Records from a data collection
* * * * * * * * *

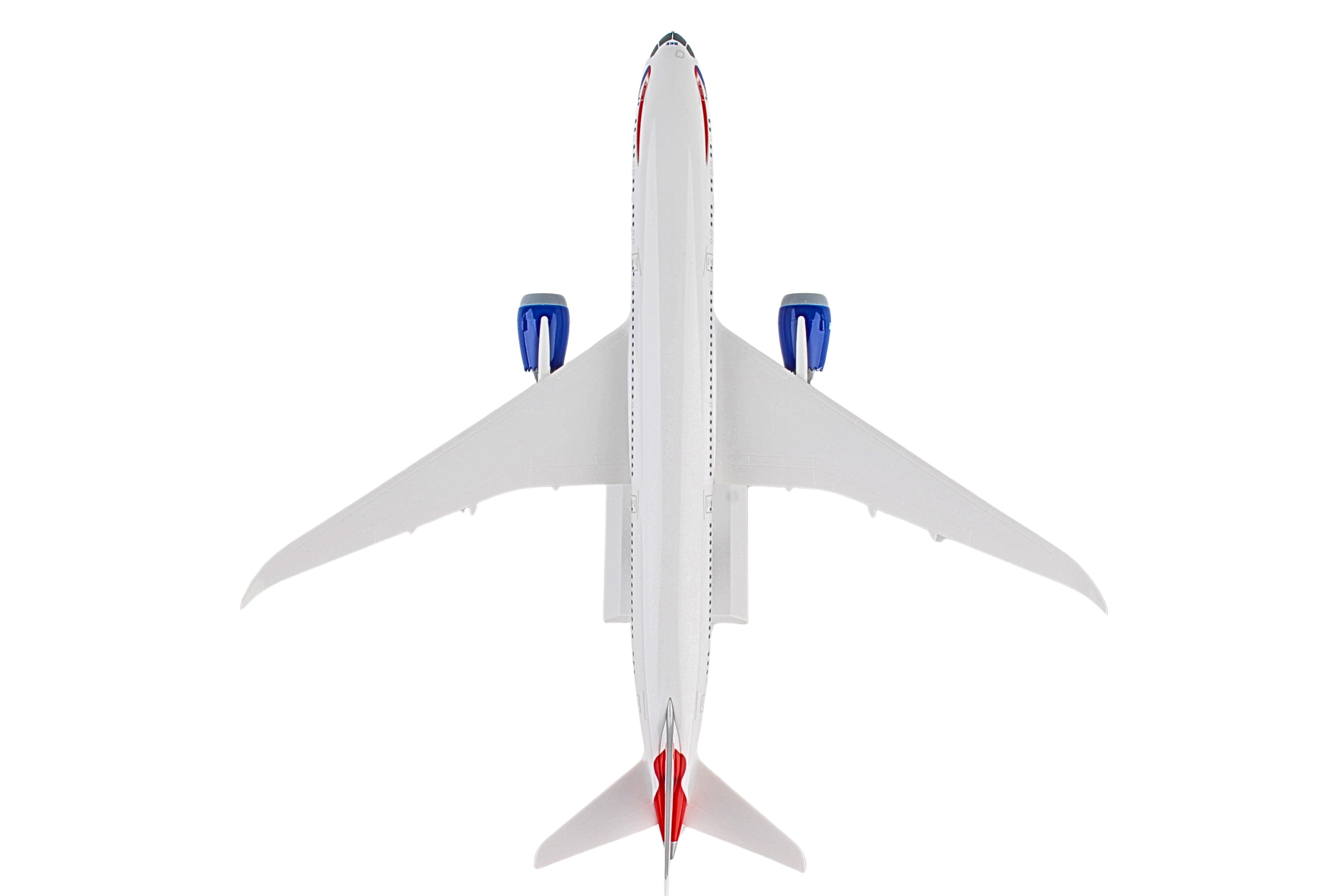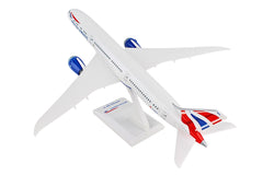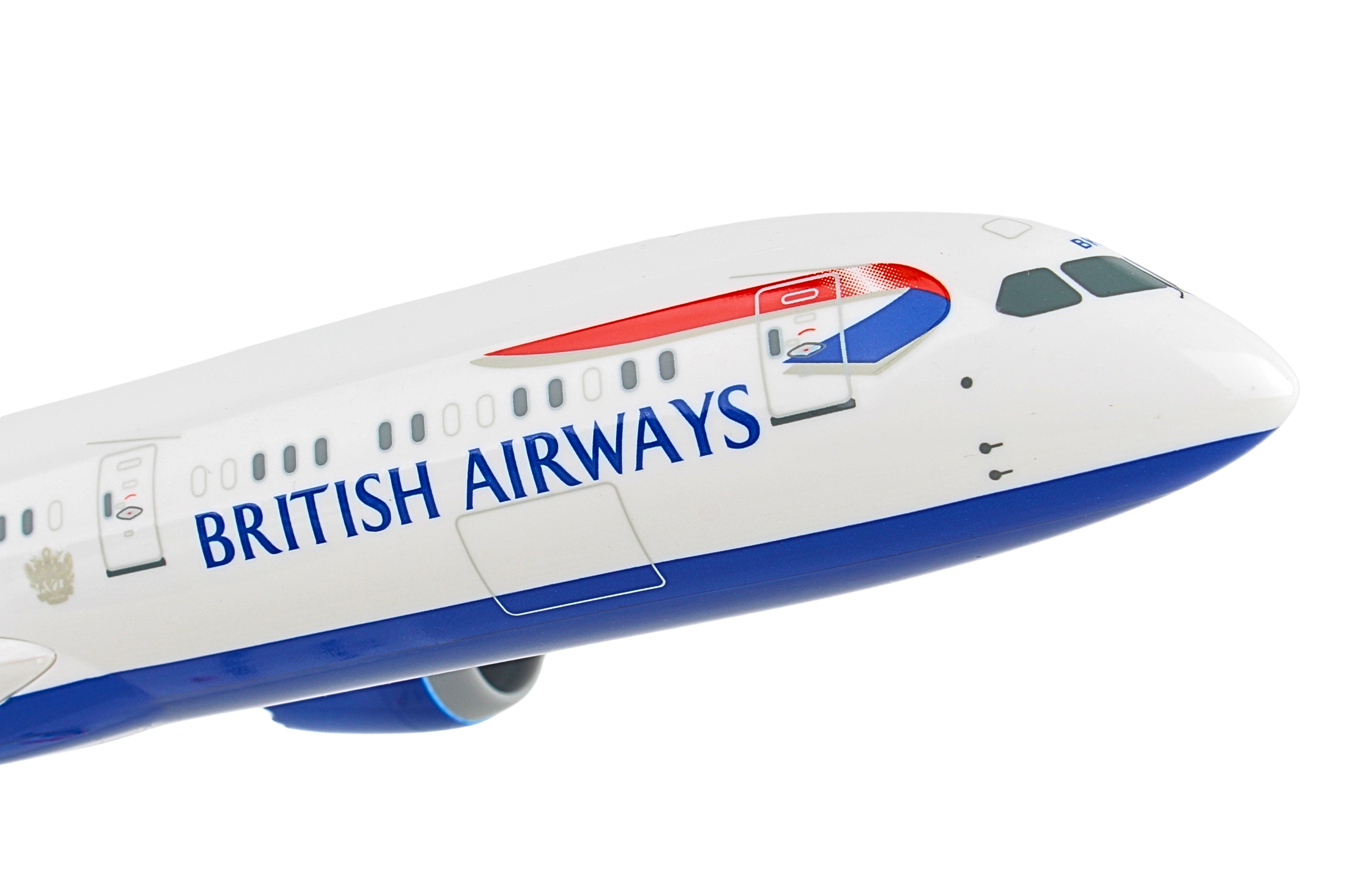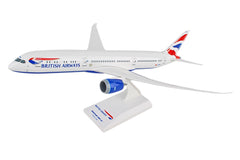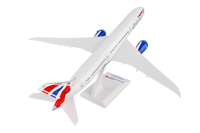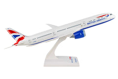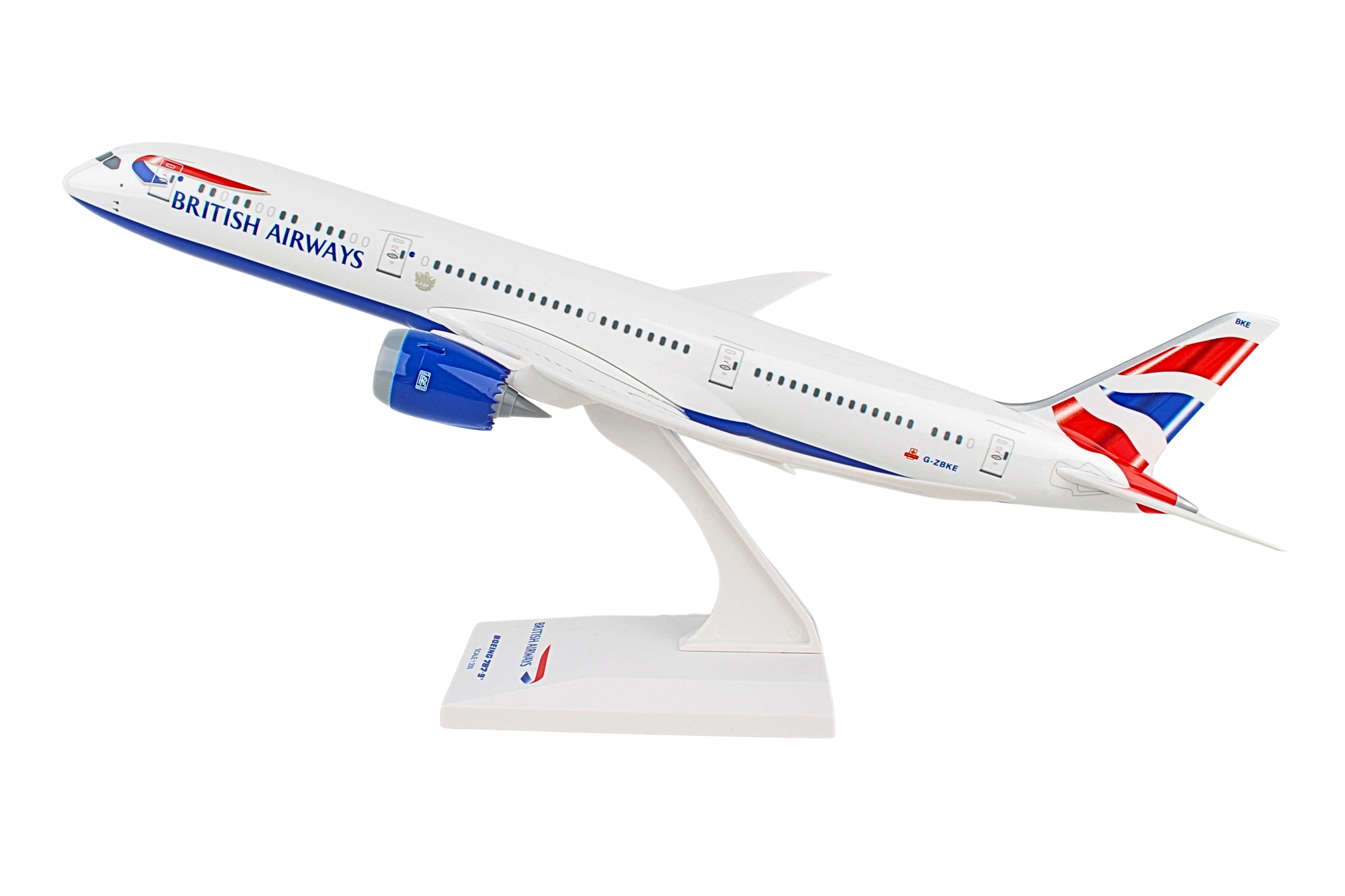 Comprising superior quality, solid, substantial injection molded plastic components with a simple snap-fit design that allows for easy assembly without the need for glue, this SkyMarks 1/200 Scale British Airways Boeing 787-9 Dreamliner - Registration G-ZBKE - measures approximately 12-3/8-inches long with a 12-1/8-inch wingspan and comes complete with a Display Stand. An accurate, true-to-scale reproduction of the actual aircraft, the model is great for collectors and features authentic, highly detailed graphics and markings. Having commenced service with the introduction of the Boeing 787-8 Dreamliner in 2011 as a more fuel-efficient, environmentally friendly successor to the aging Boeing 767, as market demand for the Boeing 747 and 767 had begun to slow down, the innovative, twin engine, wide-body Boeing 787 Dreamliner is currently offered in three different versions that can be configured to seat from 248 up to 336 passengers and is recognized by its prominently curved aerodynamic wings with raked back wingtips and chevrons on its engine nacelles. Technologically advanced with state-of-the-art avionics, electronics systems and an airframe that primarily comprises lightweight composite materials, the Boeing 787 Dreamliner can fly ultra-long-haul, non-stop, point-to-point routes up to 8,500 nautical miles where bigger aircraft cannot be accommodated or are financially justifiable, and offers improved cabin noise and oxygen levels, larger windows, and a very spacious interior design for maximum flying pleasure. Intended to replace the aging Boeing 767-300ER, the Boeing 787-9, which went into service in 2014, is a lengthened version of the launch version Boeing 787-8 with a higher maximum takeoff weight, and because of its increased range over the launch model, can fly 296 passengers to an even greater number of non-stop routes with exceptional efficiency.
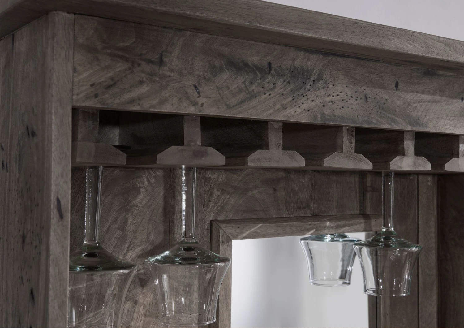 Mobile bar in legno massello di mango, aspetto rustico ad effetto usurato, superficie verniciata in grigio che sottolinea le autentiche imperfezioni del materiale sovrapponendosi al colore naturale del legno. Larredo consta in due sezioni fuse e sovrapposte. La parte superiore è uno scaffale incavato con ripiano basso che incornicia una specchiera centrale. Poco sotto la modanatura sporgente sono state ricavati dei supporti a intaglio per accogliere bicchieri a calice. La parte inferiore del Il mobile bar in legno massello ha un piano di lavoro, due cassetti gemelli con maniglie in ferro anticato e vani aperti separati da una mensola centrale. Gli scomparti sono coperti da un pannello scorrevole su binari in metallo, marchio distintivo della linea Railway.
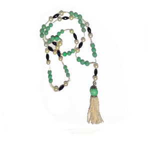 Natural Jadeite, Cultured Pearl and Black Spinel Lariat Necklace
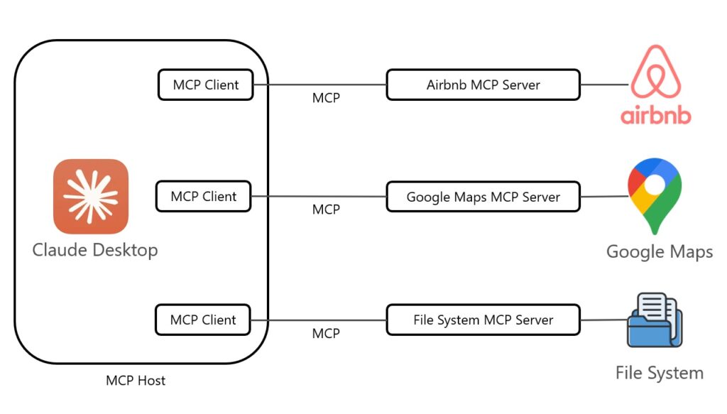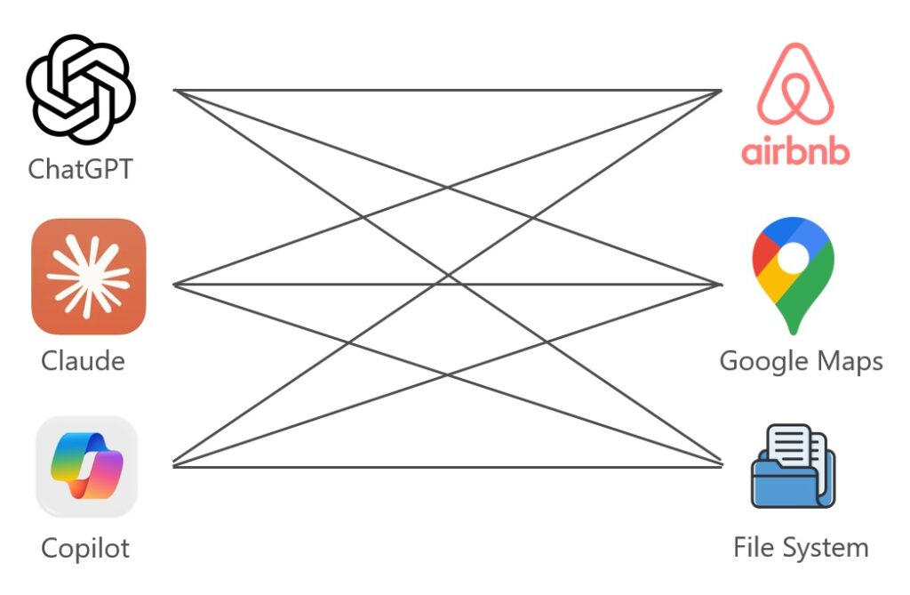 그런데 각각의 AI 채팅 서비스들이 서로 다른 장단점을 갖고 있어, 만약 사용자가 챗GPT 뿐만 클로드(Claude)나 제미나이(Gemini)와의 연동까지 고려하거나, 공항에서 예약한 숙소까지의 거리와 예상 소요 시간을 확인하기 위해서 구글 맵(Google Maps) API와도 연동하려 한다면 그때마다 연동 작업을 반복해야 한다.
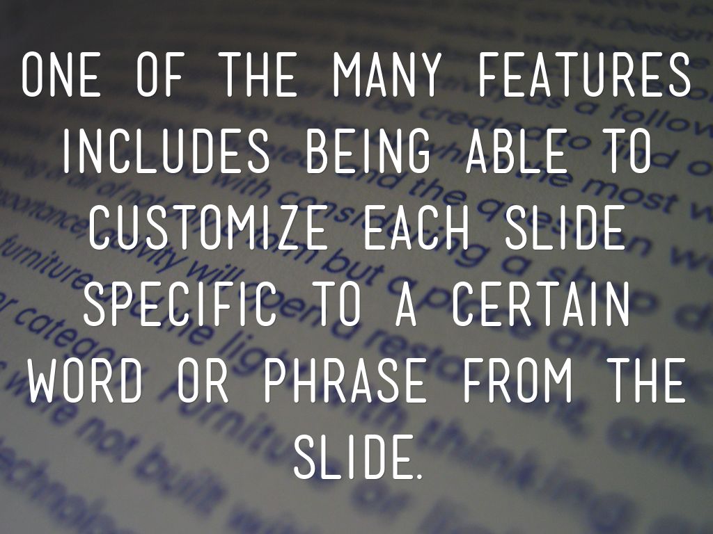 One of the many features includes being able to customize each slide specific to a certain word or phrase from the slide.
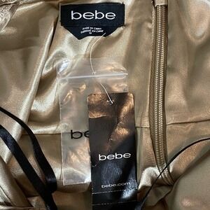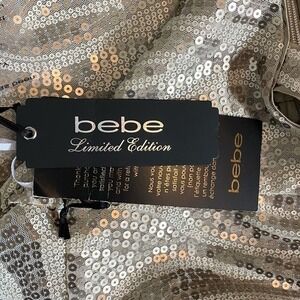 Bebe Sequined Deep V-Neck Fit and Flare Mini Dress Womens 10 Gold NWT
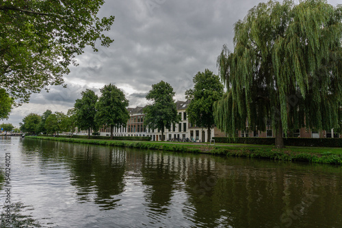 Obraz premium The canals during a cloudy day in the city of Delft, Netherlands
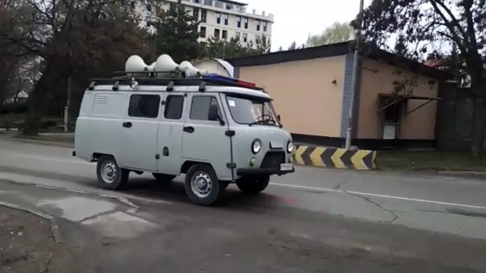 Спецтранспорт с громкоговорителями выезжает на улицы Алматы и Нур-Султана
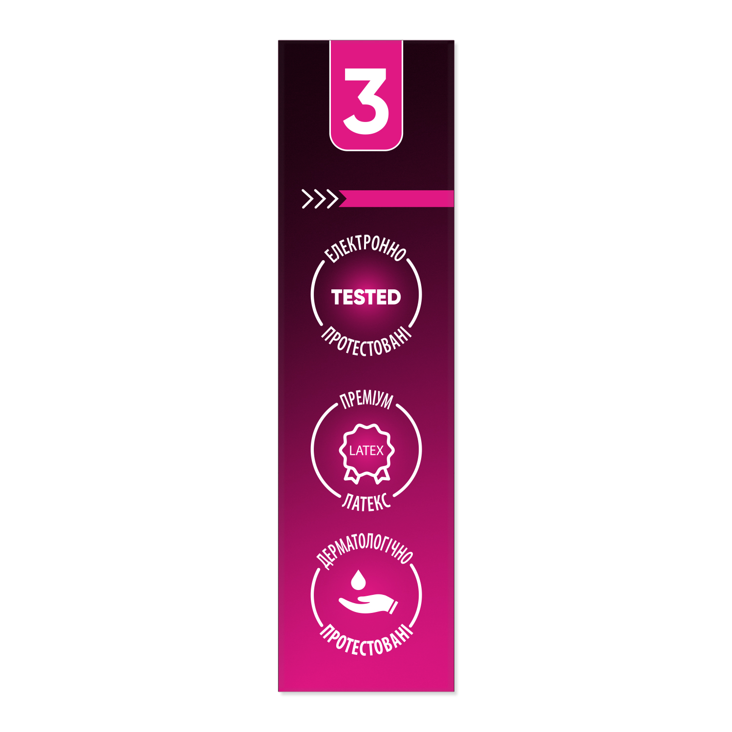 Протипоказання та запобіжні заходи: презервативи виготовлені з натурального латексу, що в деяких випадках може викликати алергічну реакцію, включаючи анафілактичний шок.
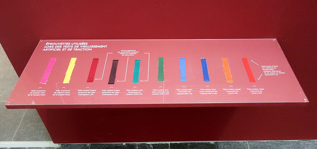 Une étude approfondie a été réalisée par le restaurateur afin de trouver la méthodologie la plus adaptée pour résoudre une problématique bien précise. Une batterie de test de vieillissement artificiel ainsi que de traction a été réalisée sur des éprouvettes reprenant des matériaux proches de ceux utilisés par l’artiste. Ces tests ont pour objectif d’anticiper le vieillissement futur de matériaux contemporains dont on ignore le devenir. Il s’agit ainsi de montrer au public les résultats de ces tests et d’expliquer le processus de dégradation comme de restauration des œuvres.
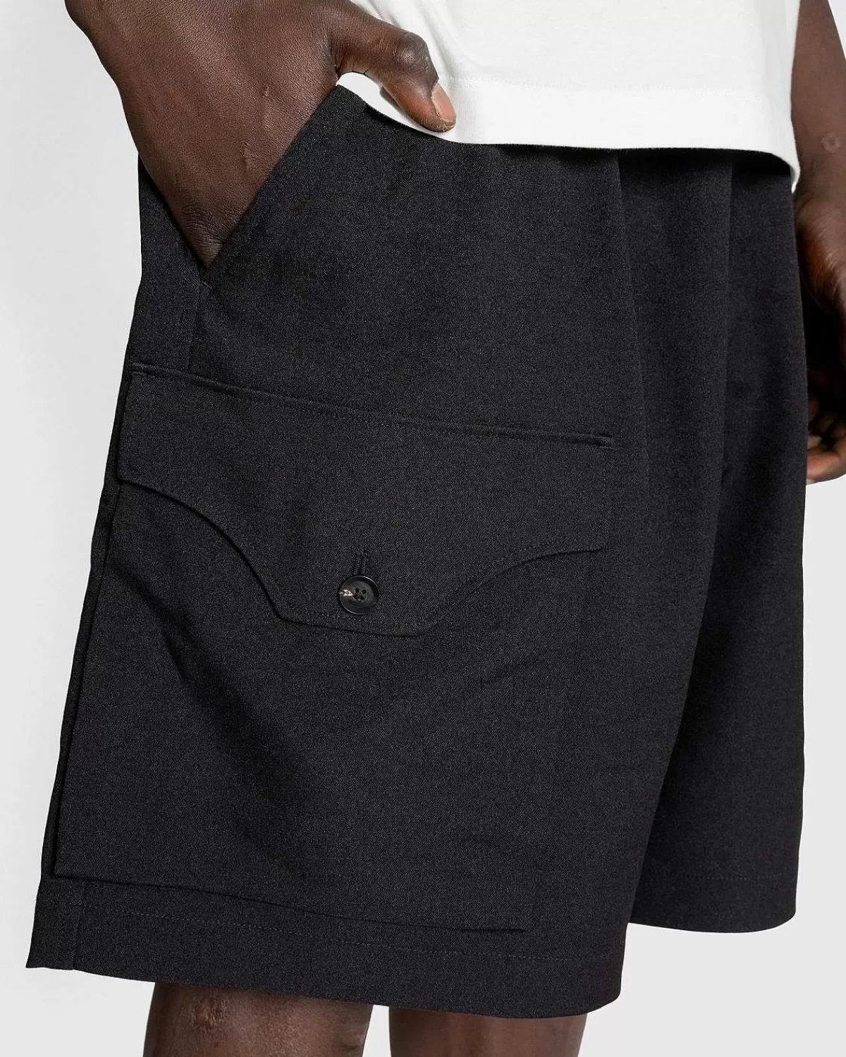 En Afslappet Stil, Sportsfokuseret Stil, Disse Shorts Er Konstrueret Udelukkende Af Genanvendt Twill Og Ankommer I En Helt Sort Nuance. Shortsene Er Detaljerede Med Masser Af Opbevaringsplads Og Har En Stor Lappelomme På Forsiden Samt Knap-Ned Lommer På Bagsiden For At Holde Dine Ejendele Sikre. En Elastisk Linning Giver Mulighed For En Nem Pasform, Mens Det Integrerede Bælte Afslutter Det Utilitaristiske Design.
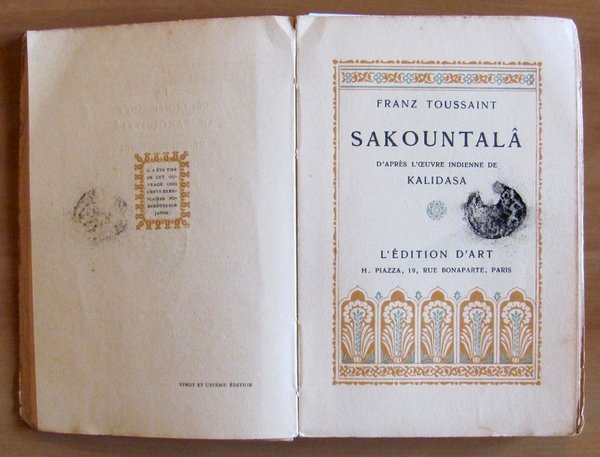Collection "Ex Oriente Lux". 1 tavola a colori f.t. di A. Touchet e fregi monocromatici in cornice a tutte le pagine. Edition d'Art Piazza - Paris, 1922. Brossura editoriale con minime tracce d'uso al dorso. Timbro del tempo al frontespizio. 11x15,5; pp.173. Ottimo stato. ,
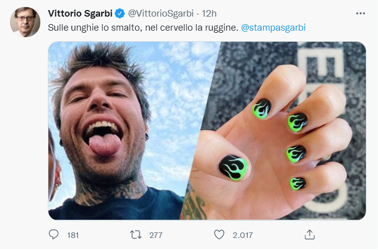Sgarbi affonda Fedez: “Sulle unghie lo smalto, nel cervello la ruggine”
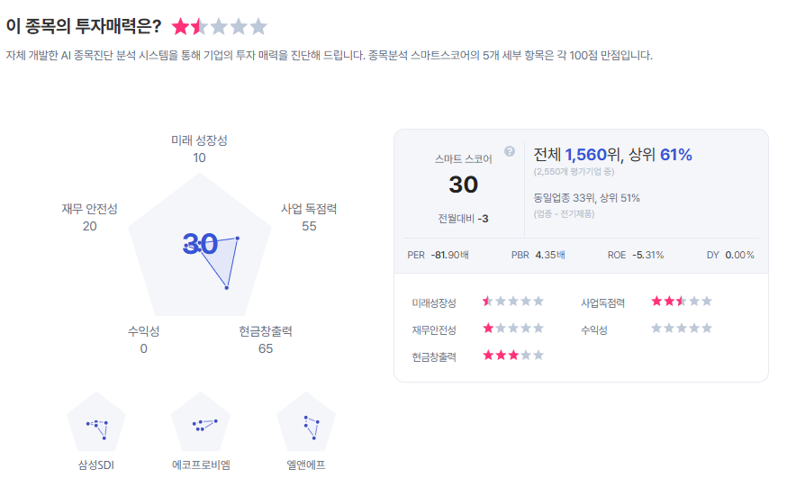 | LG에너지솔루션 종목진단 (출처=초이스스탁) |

* * * * * * * * *

• [ASSIGNMENT] Starting at the line containing "Mobile bar in legno massello di" and stopping at the line containing "Natural Jadeite, Cultured", output every line above exactly, both ends included, with pictures omitted.

• [REPLY TO THE EXERCISE]
 Mobile bar in legno massello di mango, aspetto rustico ad effetto usurato, superficie verniciata in grigio che sottolinea le autentiche imperfezioni del materiale sovrapponendosi al colore naturale del legno. Larredo consta in due sezioni fuse e sovrapposte. La parte superiore è uno scaffale incavato con ripiano basso che incornicia una specchiera centrale. Poco sotto la modanatura sporgente sono state ricavati dei supporti a intaglio per accogliere bicchieri a calice. La parte inferiore del Il mobile bar in legno massello ha un piano di lavoro, due cassetti gemelli con maniglie in ferro anticato e vani aperti separati da una mensola centrale. Gli scomparti sono coperti da un pannello scorrevole su binari in metallo, marchio distintivo della linea Railway.
 Natural Jadeite, Cultured Pearl and Black Spinel Lariat Necklace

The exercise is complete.